Acts 17
17:1-9. Thessalonica was the capital of Macedonia. Once again, the same cry was heard that was heard against Jesus at his crucifixion. The Jews, who had no love for Caesar, chose Caesar over Christ, and charged Jesus with usurping Caesar’s power (7). Satan, the usurper, was charging the Lord of the universe with his own crime. But the Lord reigns (3). Satan may bring persecution, but Christ is on the throne of heaven, and his righteous judgment will be revealed and his people vindicated at the last great day.
17:10-15. The noble minded Bereans tested the truth of the gospel by examining the Scriptures, and therefore many believed.
Apparently it was the usual practice for some of the company to quietly stay behind to teach the new converts, and help establish the church, whenever Paul would be forced to go ahead to another place (14-15).
17:16-34. At Athens, Paul preached to both Jews and Gentiles, in synagogue and market place alike (17). He attracted the attention of the bored philosophers of the great city. The two most influential schools of philosophy were the Epicureans and the Stoics. A mixture of these two counterbalancing ideas of what brings the greatest good still controls most people’s minds today. Simply put, Epicureans said the greatest good was whatever brought the most pleasure. The Stoics believed in self-control, that the disciplined mind and life brought the greatest good. In one succinct sentence, v.21, Luke captures the atmosphere of Athens. They had heard it all before, were open to anything, and ready to close with nothing. They were surrounded by artistically beautiful idols that they didn’t believe in. Paul never said anything they found really new, or offensive to their ears, until his conclusion. In fact, he quoted Greek poets (28).

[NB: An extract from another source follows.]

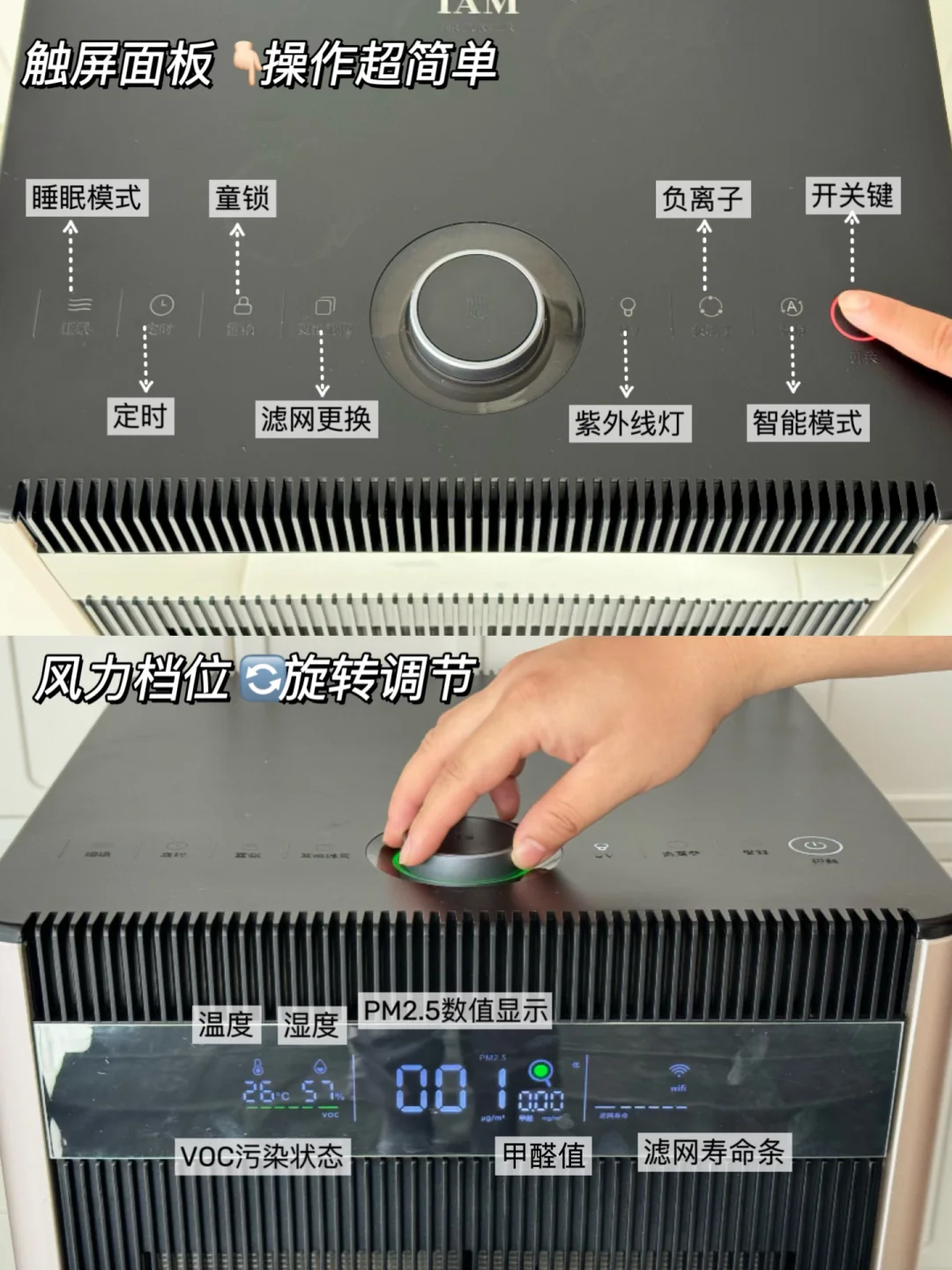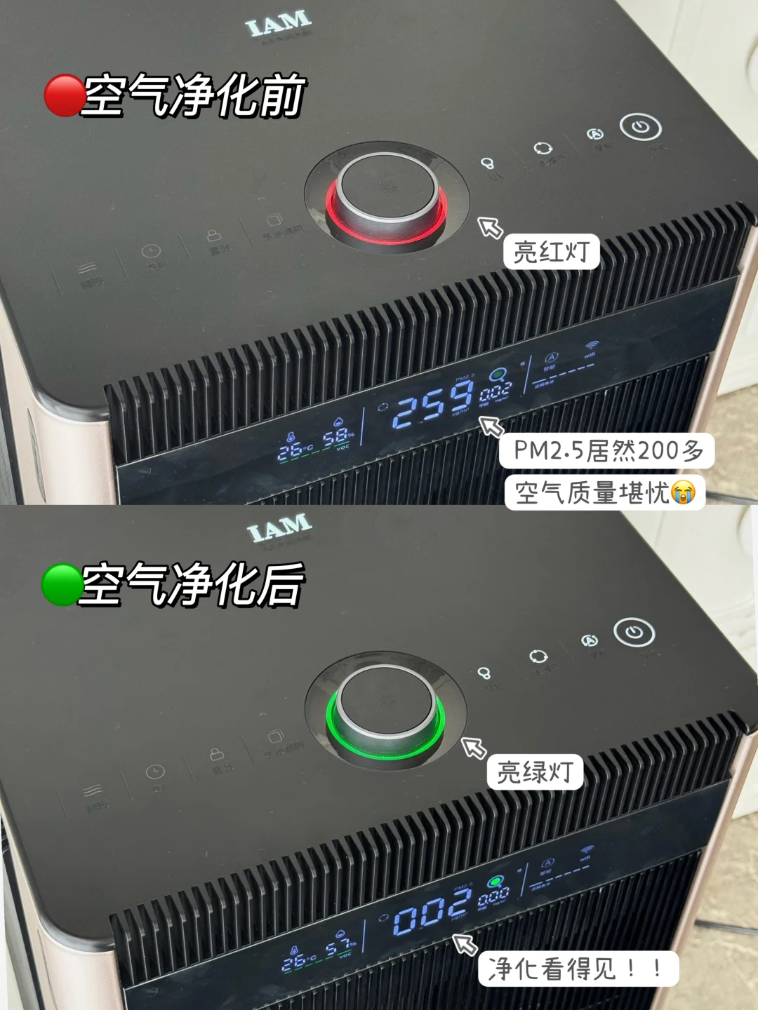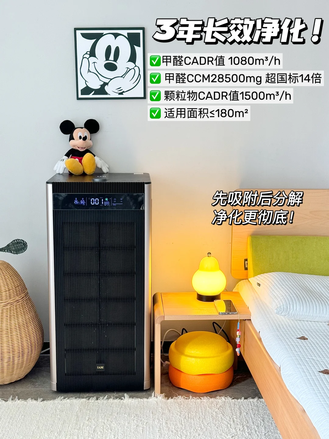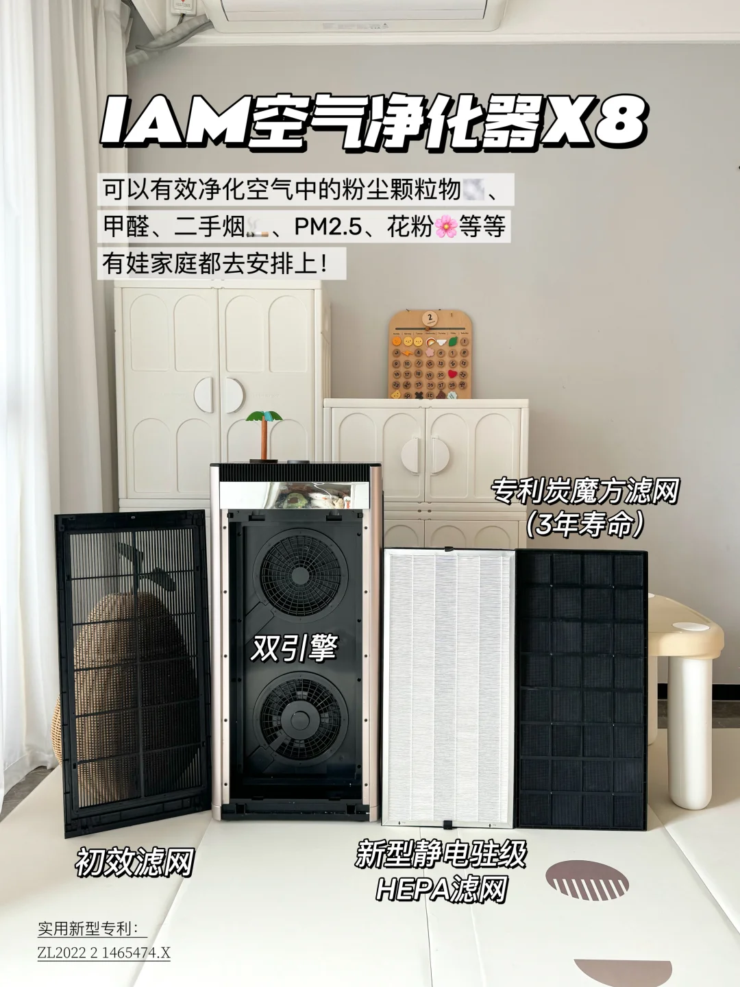 举家搬来了三亚🏝 结果年前搬了新家🏠 开发商说是精装 但用料是真的不咋样…… 加上我家还有娃👶🏻有狗🐶有老人 权衡利弊还是入手了一台空气净化器 目前用了2个月,分享下使用感受 · 我选的这台是 IAM空气净化器X8 用下来整体比较满意👍 买前队友研究了几天,这台核心参数很出众 先解释一下,CADR值代表空气净化器的净化速度,CCM值代表滤网的累积净化量 要知道!CADR值会随着CCM值的消耗不断衰减的! 到一定程度之后,就没有办法保证净化能力 所以想要长期除醛,一定得看CCM值 CCM值越高,净化有效性就越持久,滤网寿命就越长! 我入的这款甲醛CCM值 28500mg ,远超国标14倍 能做到三年长效净化除醛 甲醛CARD值1080 m³/h,颗粒物CARD值 1500 m³/h 属于市面上空气浄化器里很🐮的存在了! 第一次用的时候,差不多半小时数值就降下来变绿灯了(我家套内110 m²) PM2.5数值也是肉眼可见的下降⬇️ 空气净化器的核心配件就是👉🏻滤网! 他家是专利炭魔方滤网,可以直接使用三年不用换! (实用新型专利:ZL 202221465474.×) 我拆开看了是一块一块的超厚炭魔方 下重本!上称整整将近10斤重! 它可以做到吸附后,把甲醛分解成水和二氧化碳 不用担心甲醛二次挥发污染空气 双风道搭配双引擎,净化力拉满📈 除了初级滤网,双侧都有新型静电驻HEPA滤网 粉尘、细🦠、细小的颗粒物全部一网打尽! 再加上8重Uv紫外灯💡多种过敏原和🦠统统远离! 用上明显感觉家里空气清新不少! 平时我放在客厅,我娃👃🏻敏,阿嚏阿嚏都减少了耶! 还可以推到刚装好新床的儿童房, 晚上关着门窗,净化器开睡眠模式💤 第二天早上真的没有啥味道!睡眠模式是熄屏且很静音🔇不会打扰宝宝睡眠 · 平时用app来操控,看实时数据,巨方便 现在家里每天都是绿灯💚状态,新房住起来很安心 有娃有宠、空气质量差、喜欢宅家的🏡 建议家里放一台空气净化器,这台非常ok~ 现在🐶东买还有国补!现在入手超划算!!真的是闭眼冲

According to F. F. Bruce, it was Epimenides of Crete who supposedly had advised them to erect alters to unknown gods.
This is part of Epimenides’ “address to the Supreme God” (also quoted in Titus 1:12):
They fashioned a tomb for Thee, O holy and high One,
The Cretans, always liars, evil beasts, idle bellies!
But Thou art not dead; for ever Thou art risen and alive,
For in Thee we live and move and have our being.
And from the poem Phenomena, by Aratus of Cilicia: “For we are indeed his offspring.”
But when Paul got to the need for repentance, and the coming judgment by the Son of Man whom God had raised from the dead for this purpose, there was trouble.
“The tragedian Aeschylus had described the god Apollo as saying, on the occasion when the Court of the Areopagus was founded by the city patron goddess Athene, ‘But when the earth has drunk up a man’s blood, once he is dead there is no resurrection.’ ” F. F. Bruce, The New Bible Commentary: Revised, Eerdmans, 1970, pp. 996 f.
Most Greeks had no problem with the idea of the immortality of the soul. But the resurrection of the body was a ridiculous and repulsive idea. Truth be told, most modern people have a much more Greek notion of life after death than they do a Biblical one. But Jesus, unlike Apollo, is a savior of the whole man, albeit with a glorified spiritual body, not a corruptible natural one (1 Cor.15:42-44).
God calls on all men to repent and acknowledge him as Creator, Sustainer, and sovereign Lord over all things. Judgment is coming, and it will be a righteous and just judgment, because God has appointed a man to do the judging. We can’t plead that God doesn’t understand us, because God the judge is one of us. This Son of Man has been shown worthy to judge by dying and being raised from the dead, and all must rise and appear before him.